Mukesh Kapila, CBE is Professor of Global Health and Humanitarian Affairs at the University of Manchester. He is also Special Representative of the Aegis Trust for the prevention of crimes against humanity, and Chair of Minority Rights Group International.
Professor Kapila has extensive experience in the policy and practice of international development, humanitarian affairs, human rights and diplomacy, with particular expertise in tackling crimes against humanity, disaster and conflict management, and in global public health. His memoir “Against a Tide of Evil”, published in 2013, was nominated for the Best Nonfiction Book of that year.

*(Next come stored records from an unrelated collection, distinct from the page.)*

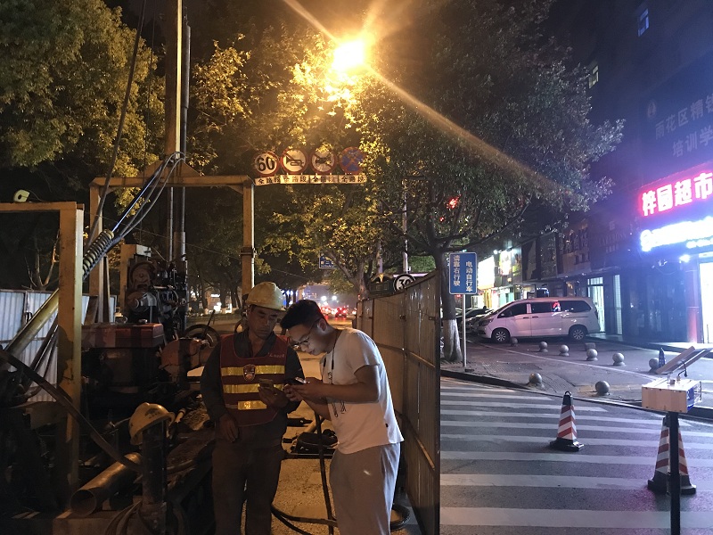 4月20日晚10点,执法办公室刘溪休息在家,途径劳动西路时发现有一台钻探机正在进行地质勘探作业。经现场查验,刘溪判断该施工范围疑似在地铁隧道结构正上方,遂立即上前叫停施工,并请求中队支援。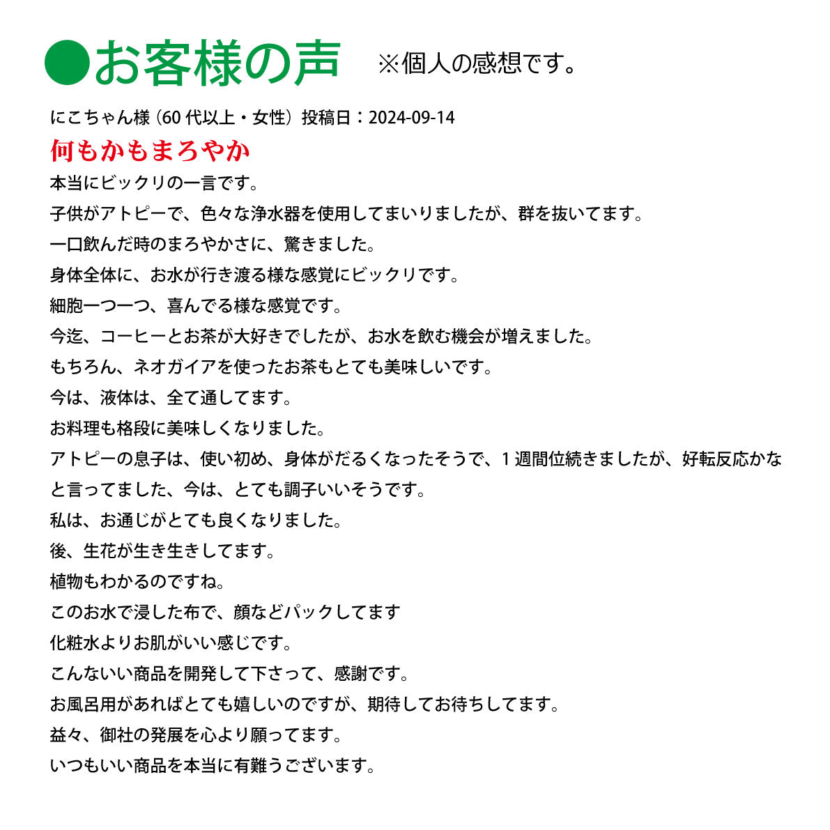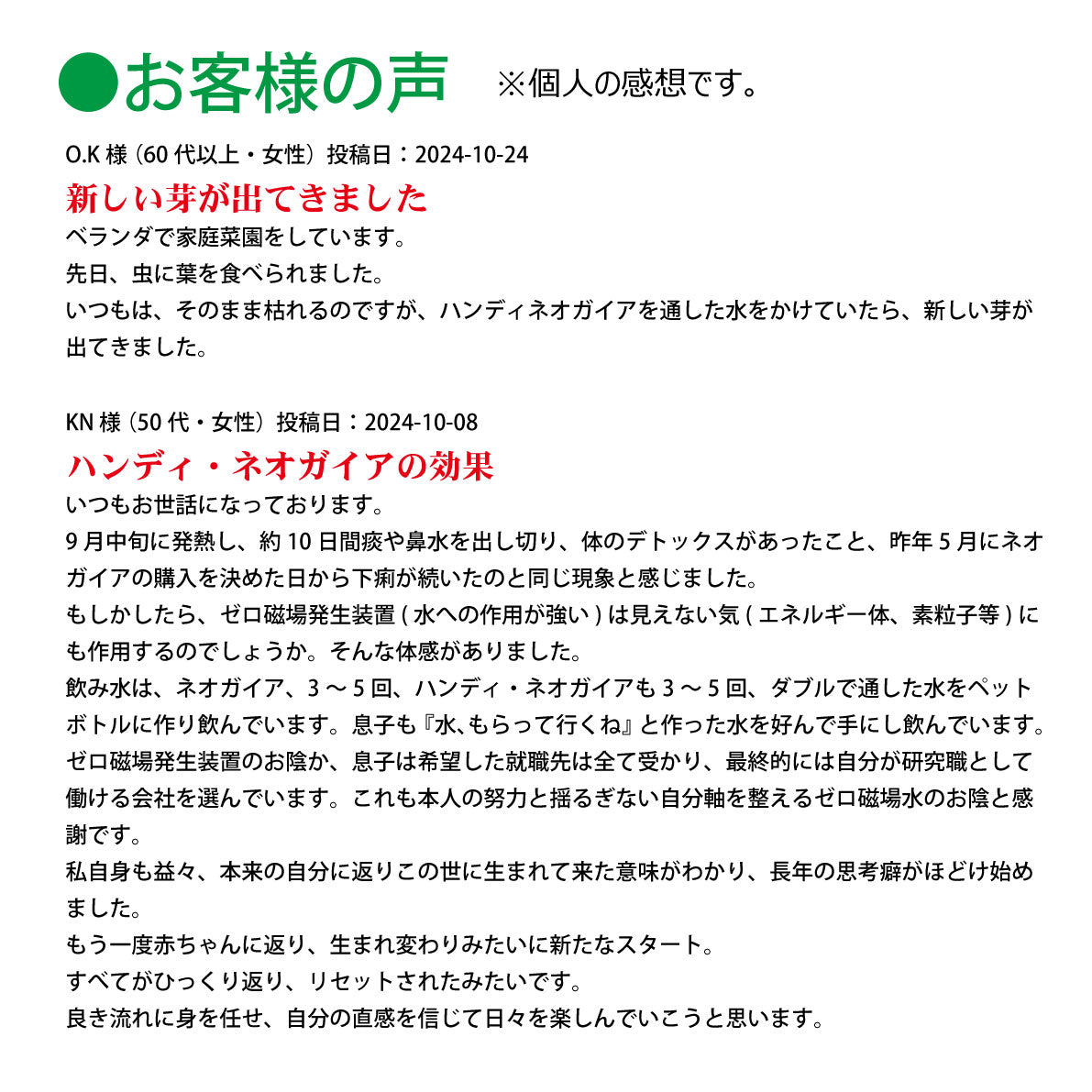 ご好評をいただいております水道管に元付けするタイプの「ゼロ磁場発生装置ネオガイア」を、ハンディタイプにしました。さらに、今までになかった新しい技術を採用することによって、金・銀・銅に加えて、数種類の身体によい必須ミネラルの電子を水に付与することに成功、ますますおいしく、身体に作用する水をつくることができるようになりました。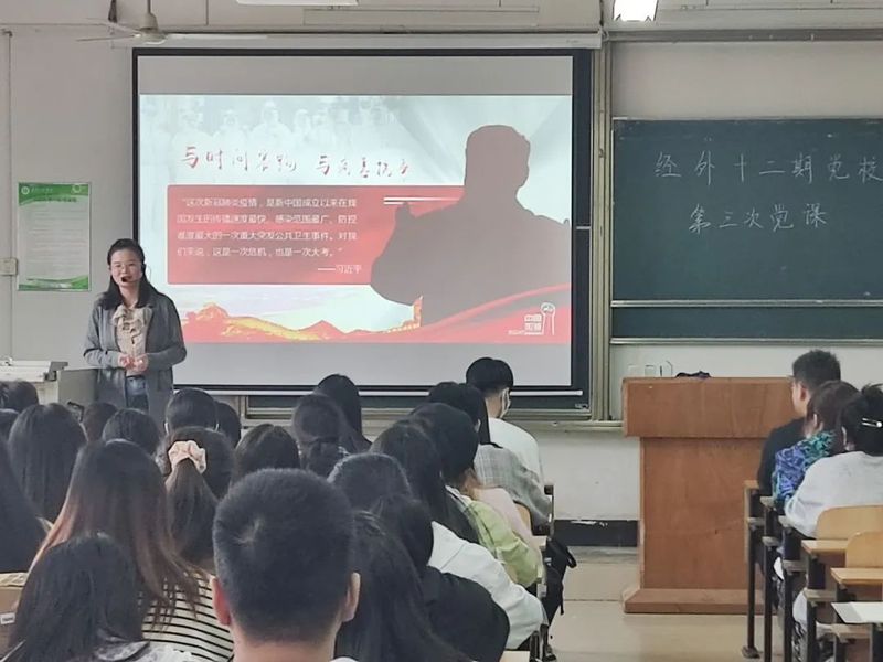 2021年11月4日,经济与商务外语学院第十二期党校培训第三讲在综合楼208顺利进行。本次培训由公共课部思政教师余梦老师主讲,学习“年轻人应从战疫大考中读懂什么”为题的党校课程。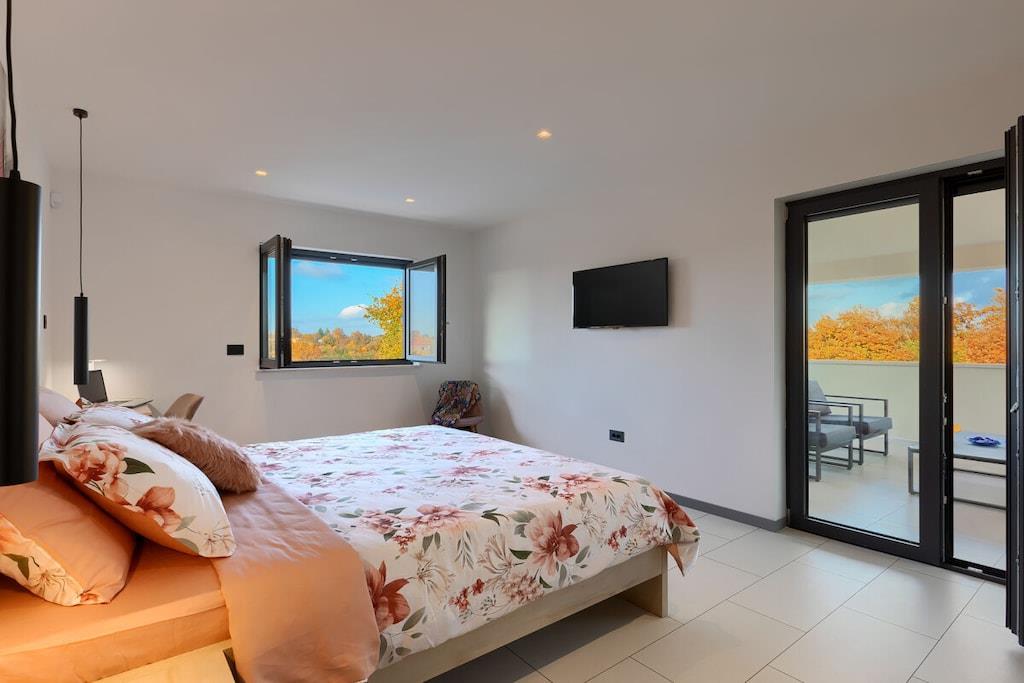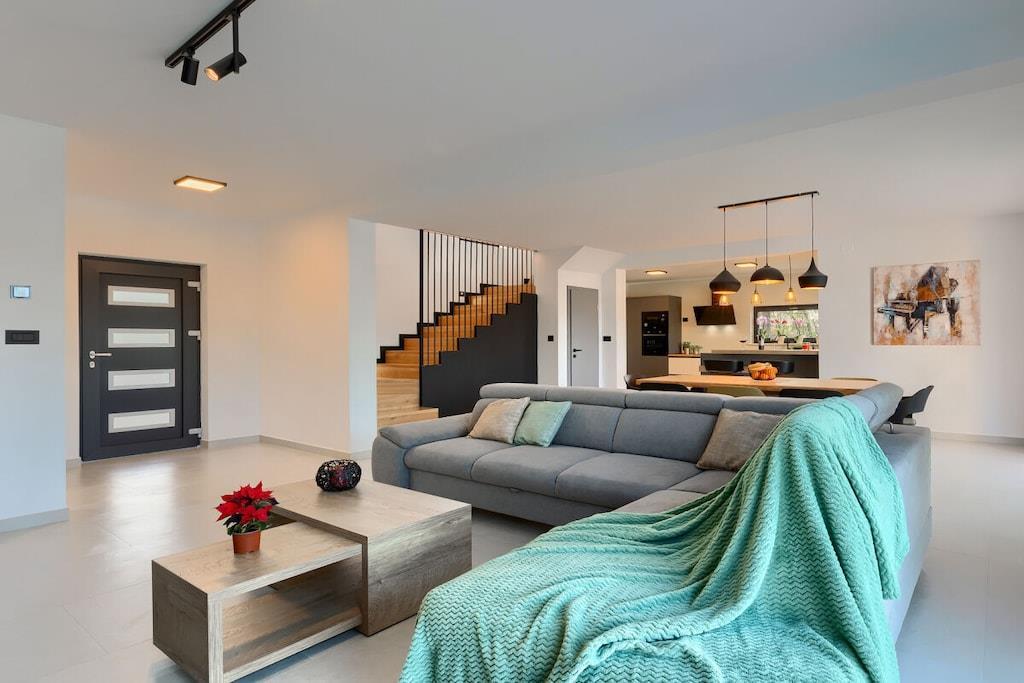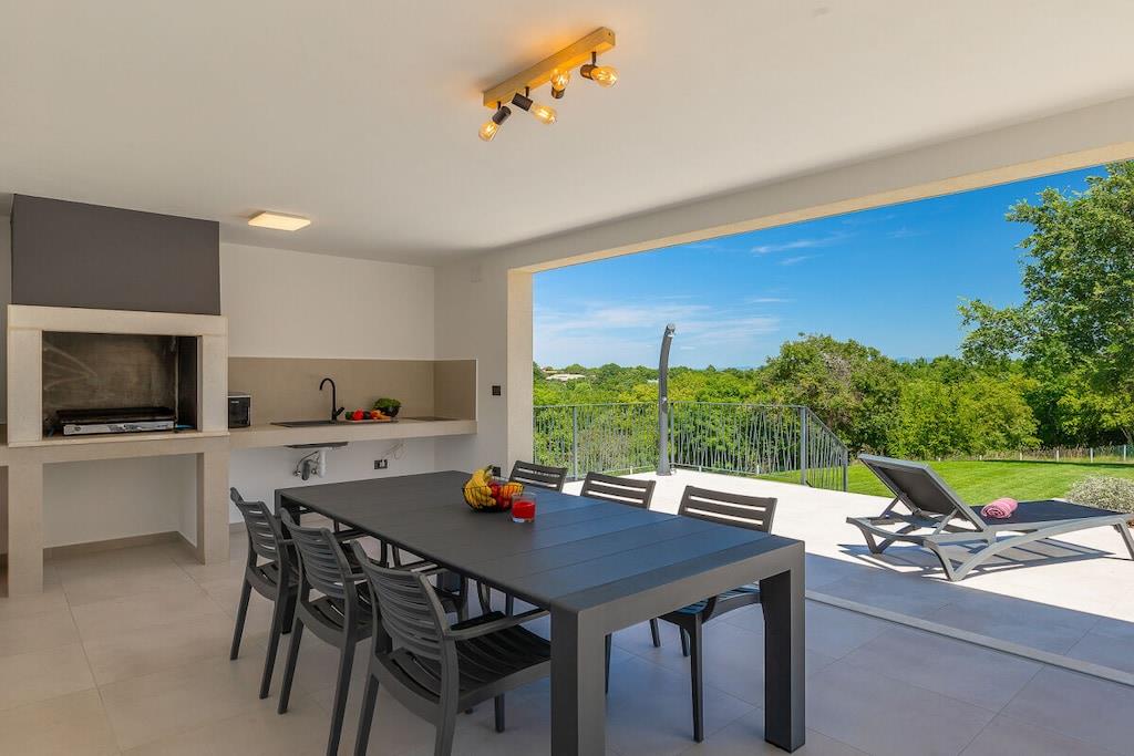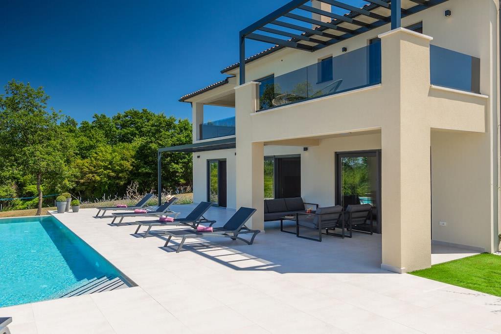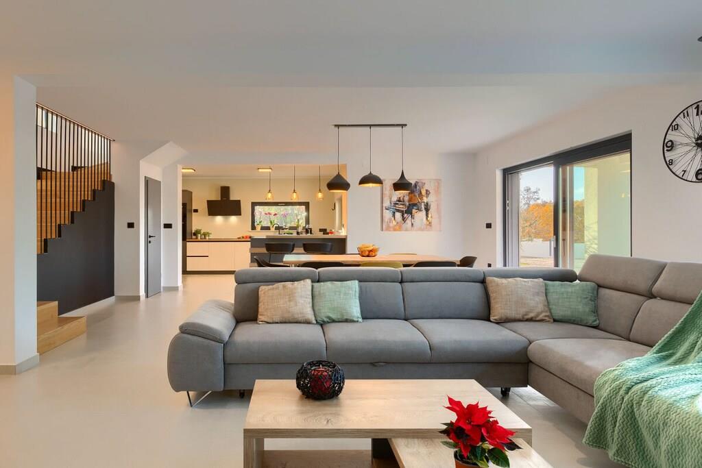 Die schöne neu erbaute Villa Duplich befindet sich in der ruhigen Stadt Šajini. Die Lage der Villa wird Ihnen völlige Ruhe und das Gefühl eines echten Urlaubs vermitteln. Es ist von Natur umgeben und nur 13 km vom Meer entfernt. Die Villa ist komplett mit Stil eingerichtet. Der Hof des Hauses ist mit einem großen Infinity-Pool (35 m2) dekoriert, der von einem weitläufigen Strand umgeben ist, einer Außenküche und einem Esszimmer sowie einem Ort zum Entspannen auf bequemen Liegestühlen, ideal, um den ersten Morgenkaffee am Pool zu trinken. Treten Sie ein in das wunderschön dekorierte Interieur, wo Sie alles finden, was Sie für einen makellosen Urlaub brauchen. Im Erdgeschoss der Villa befindet sich ein offenes Wohnzimmer, ein Esszimmer, eine voll ausgestattete Küche mit Bar, eine Toilette und ein Schlafzimmer mit Badezimmer. Im Obergeschoss befinden sich zwei komfortable Schlafzimmer und en-suite Badezimmer. Jedes Zimmer hat Zugang zu einer eigenen Terrasse, auf der Sie den Tag sicherlich lieber beginnen oder ausklingen lassen werden, wenn Sie die Harmonie der Natur genießen. Das Haus und der Garten sind mit Wi-Fi abgedeckt. Neben dem Haus befindet sich ein eingezäunter Parkplatz.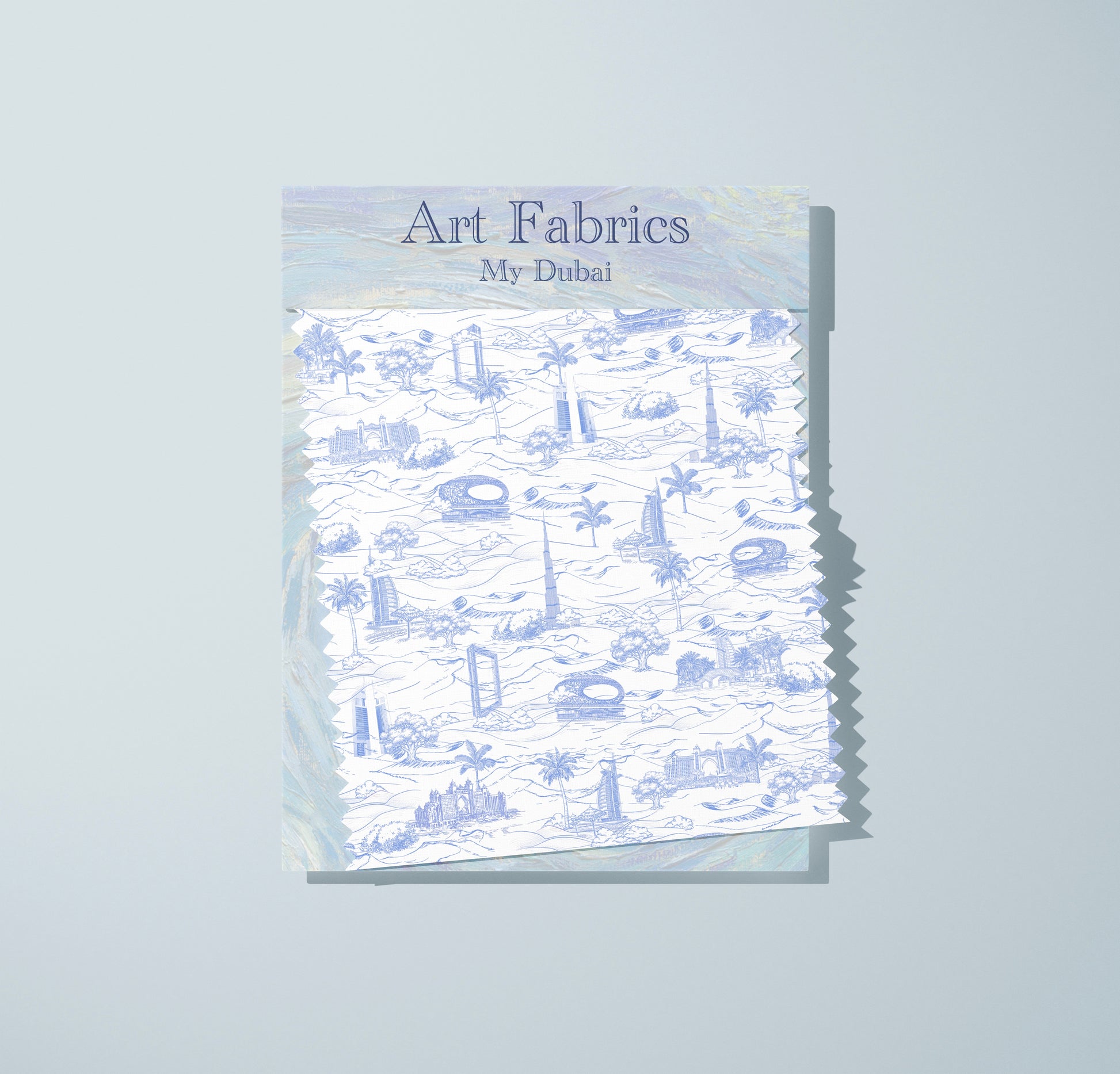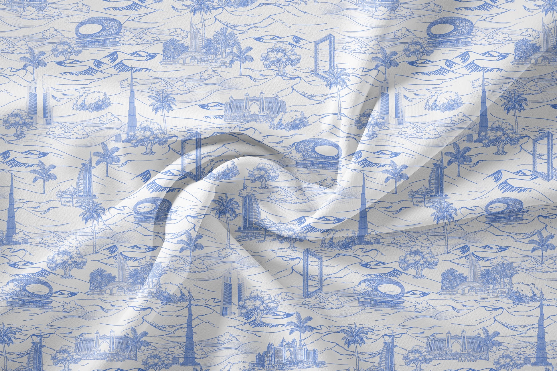 White etoile de jouy capturing iconic Dubai landmarks. A sophisticated tribute to the city’s skyline and spirit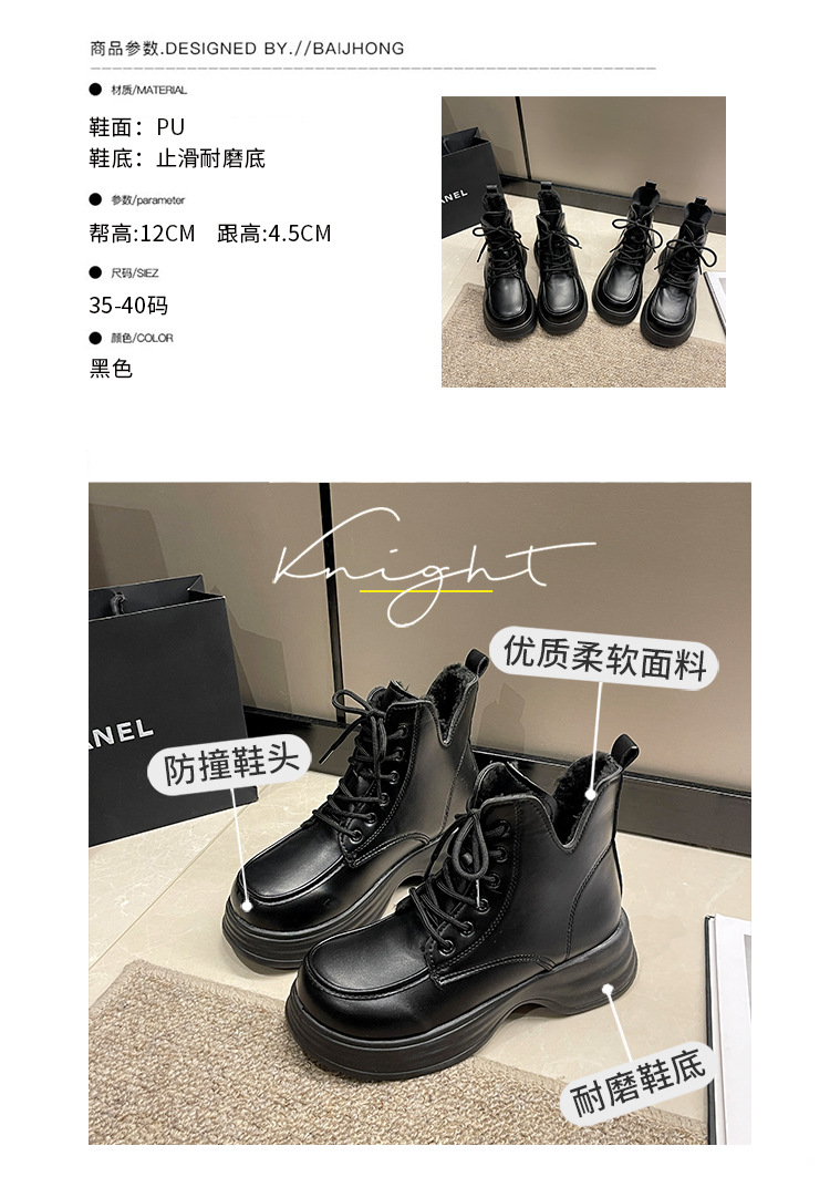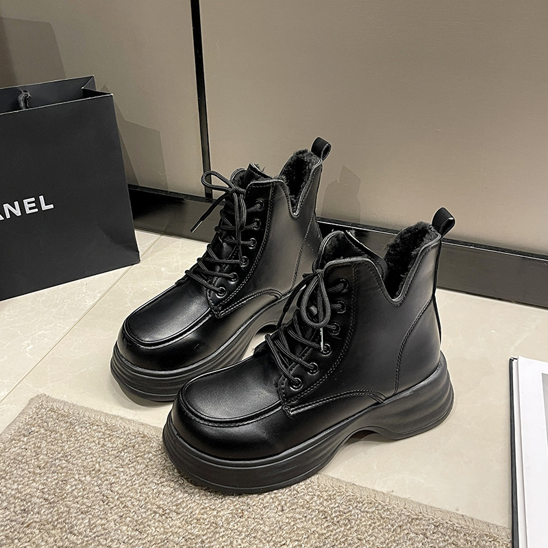 폭발 두꺼운 밑창 영국 스타일 레이스 업 마틴 부츠 패션 편안한 짧은 부츠 여성의 가을과 겨울 2024 새로운 기모 가죽 부츠스토어 가기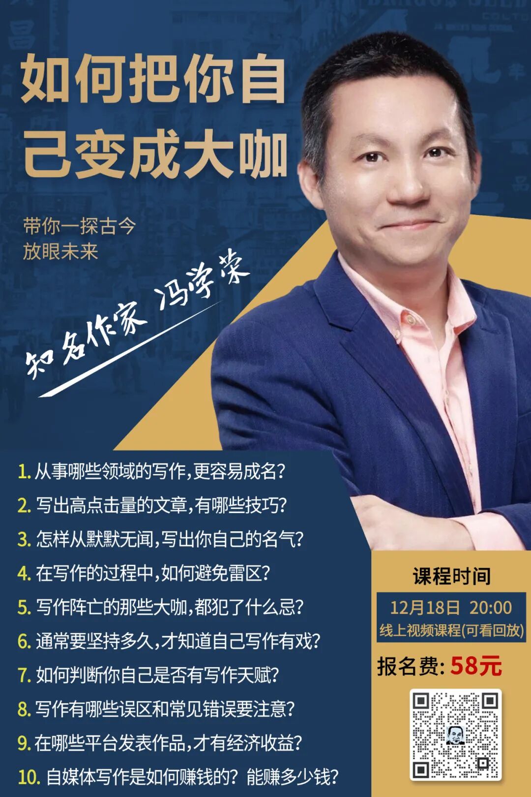 老冯将于12月18日(本周六)20:00举办线上视频讲座,手把手教你,如何变成一个大咖,一堂课,让你脱胎换骨,欢迎参加(含问答交流环节,当晚没时间的朋友可以看回放),识别下方海报内二维码报名:

Previously he was Under Secretary General at the International Federation of Red Cross and Red Crescent Societies, the world’s largest humanitarian and development network. Earlier, he served the United Nations in different roles as Special Adviser to the United Nations High Commissioner for Human Rights in Geneva and then Special Adviser at the UN Mission in Afghanistan. Subsequently, he led the UN’s largest country mission at the time as the United Nations Resident and Humanitarian Coordinator for the Sudan, and then became a Director at the World Health Organization.
He has also been Chief Executive of the PHG Foundation, a senior policy adviser to the World Bank, worked as part of the UN Disaster Assessment and Coordination system, and advised the UN International Strategy for Disaster Reduction, International Labour Organization, UNAIDS, and many other agencies.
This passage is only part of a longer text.